Outra parcela de internacionalistas (se é que poderíamos chamá-los assim)
entende que esta proteção internacional dos direitos humanos não é tão positiva assim
ou, melhor dizendo, não é de toda positiva existem aspectos bons e aspectos ruins.
Dentre este conjunto de autores menos entusiasmados com o internacionalismo,
destaca-se o trabalho de Danilo Zolo. Jurista e filósofo italiano, cujo trabalho se
concentra eminentemente no estudo da Epistemologia, Filosofia Política e Relações
Internacionais, mas que, para fins do presente estudo, se destaca em razão de sua escola
de pensamento, o Realismo.
Na filosofia, “Realismo” é uma expressão plurissignificativa. Existe o Realismo
medieval do Problema dos Universais, o Realismo Escocês do Senso Comum (Common
Sense Realism), Realismo Estético, Realismo Escandinavo, etc. Por conseguinte é
necessário sermos mais precisos ao falar do Realismo de Zolo.
Uma das formas mais tradicionais de se classificar as correntes filosóficas é
aquela que se dá através do estudo de métodos ou de resultados3. Neste escopo, o
Realismo que tratamos aqui é aquele que se opõe ao Idealismo.
Destarte, em Zolo o Realismo significa a visão do mundo a partir da perspectiva
de que existe uma verdade, existe uma realidade externa em si e por si (in and of itself),
e, desta feita, existe uma razão objetiva.
A consequência desta gramática filosófica é que Zolo enfrenta as questões
postas no Direito Internacional e nas Relações Internacionais a partir de uma
perspectiva de resultados concretos, com vistas na realidade em si e não em ideais. Dito
de forma ainda mais direta: o trabalho de Zolo propõem apresentar o mundo como ele é,
não como ele deveria ou poderia ser.
À título ilustrativo, ressaltamos que, diferente da leitura padrão, Zolo não é de
todo favorável às instâncias internacionais, sua crítica é dirigida, em especial, às Nações
Unidas. Além disso, Zolo não é partidário do “abolicionismo estatal” e a concretização
de um cosmopolitismo forte. Ademais, Zolo é defensor de uma leitura das relações
internacionais a partir de uma perspectiva multiplicadora, em oposição ao padrão
centralizador e hierárquico costumeiro dos internacionalistas.

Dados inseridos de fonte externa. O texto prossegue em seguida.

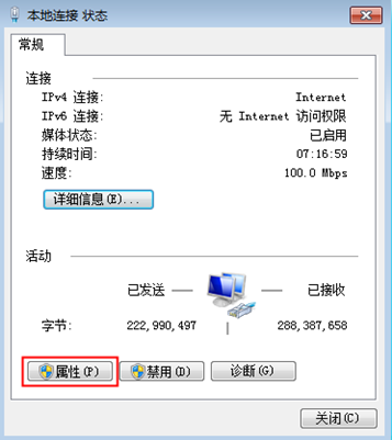 ③把“網絡連接詳細信息”的界面關閉,回到“本地連接狀態”的界面,如圖14所示,點擊“屬性”按鈕,會出現“本地連接屬性”的界面,如圖15所示。
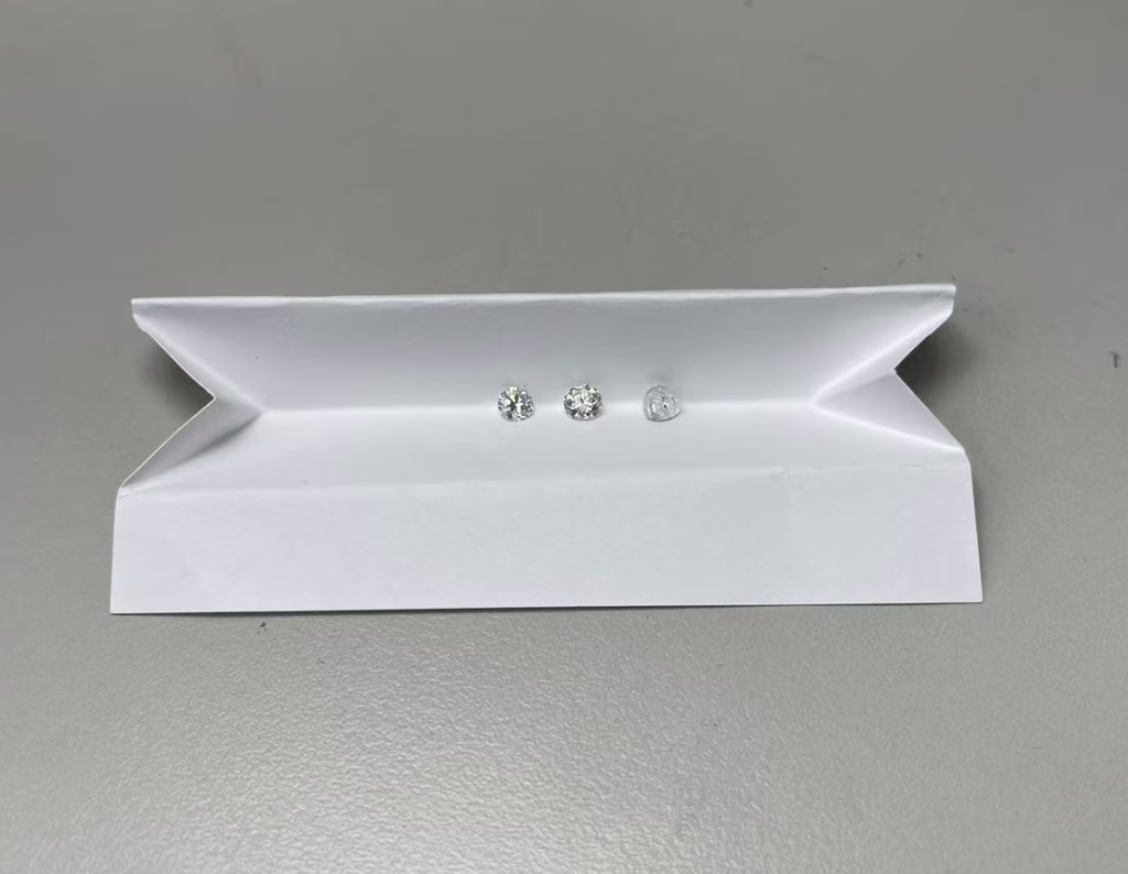 CVD鑽石(左)、天然鑽石(中)、未打磨過的高溫高壓鑽石(右)。攝影/李珺綺

É precisamente esta perspectiva realista e crítica do autor, além de seu apego ao
concreto e pragmático das relações internacionais, que fizeram com que seus escritos
nos saltassem aos olhos. Afinal, diferente do tradicional posicionamento da doutrina
internacionalista brasileira 4, tão disposta a elencar o Direito Internacional como
panaceia para a concretização dos Direitos Humanos, Zolo se apresenta como um cético.
Rodearmo-nos de autores que apenas concordam com que pensamos e reiteram
o que já sabemos transforma a pesquisa em mera regurgitação do dogma posto. De fato,
entendemos que não há nada mais proveitoso e frutífero que a investigação a respeito de
posicionamentos diferentes e até mesmo opostos à tradição.
Como adiantamos, a doutrina brasileira já é muito rica em apelos à tutela
realizada pelas instâncias internacionais e críticas à incompetência e parcialidade das
instâncias nacionais. No entanto, ainda existe uma carência quanto à leitura crítica e
realista do papel exercido por estas últimas. Sendo assim, a nosso ver, Zolo poderia
ajudar a suprir essa lacuna.
Deste modo, é neste contexto que surge o presente trabalho. Nossa proposta é
fazer uma análise do Globalismo em Zolo, detendo-nos não só na forma que Zolo
3 RUSSEL, Bertrand. The History of Western Philosophy. New York: Simon & Sc huster, 1972, p. 791.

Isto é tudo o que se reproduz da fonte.